In step 164 the translator scans the original program for plausible code. The result of such a scan is useful for quantifying the number of plausible instructions in the original program for comparison to the number of instructions located by the translator. The result of the comparison, for example, is an estimate of the "percentage of code found" computed as 100 times the bytes of known code divided by the sum of the bytes of known code and the bytes of plausible code. This estimate can be used by a systems analyst in choosing a porting strategy for the original program or for monitoring or augmenting the performance of the translator. If the translator is unable to translate a high percentage of the instructions, then the systems analyst may run a number of test cases upon the translated program and employ feedback of information from execution to re-translation to reduce the indicated estimate of untranslated code before releasing the translated program for general use. As a last resort, the systems analyst may have to search for documentation by the original programmer or inspect the code at the address locations indicated as containing plausible instructions in an attempt to verify the estimate and make a judgement whether to release the translated program for general use, or to direct the translator to translate the plausible code that is believed to contain untranslated instructions. The preferred method of scanning for plausible code is described further below with reference to FIGS. 29 and 29.
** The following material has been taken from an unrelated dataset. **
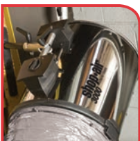
Air circulating mounting bracket.

Provides continuous air circulation. Cools down hot trailers by forcing the cool air in and warm air out. The unique mounting bracket lets you easily mount the fan near any loading dock, clear of forklift traffic. With magnetic hose end mounting bracket, you're free to position the air duct hose anywhere within the dock door.

In step 165 the flowgraph is analyzed to find possible errors indicated by deviations from typical programming practices and standard conventions. In a typical program, for example, a data item is pushed on a stack so that it can be popped off at a later time, without regard to how many other data items are pushed on and popped off the stack by intervening instructions. If the number of pushes do not cancel the number of pops in the intervening instructions, then errors will be caused by improper programming of the intervening push and pop instructions. If the intervening instructions include separate paths that branch apart and rejoin at an intervening node, and the improper programming occurs in one of the paths, then the improper programming will also cause the calculated stack depth to be different for the two paths when they join at an intermediate node. This is especially likely to cause an error if the node is an RSB subroutine return instruction. Therefore, one of the error checks performed with the aid of the flowgraph is to calculate the stack depth at all paths from the main entry points of the original program, and to check whether the calculated stack depth is the same whenever these paths rejoin. If not, the translator issues a warning message that says: "Stack depths don't match on all incoming paths at VA=%X", where VA is the virtual address of the node in the original program.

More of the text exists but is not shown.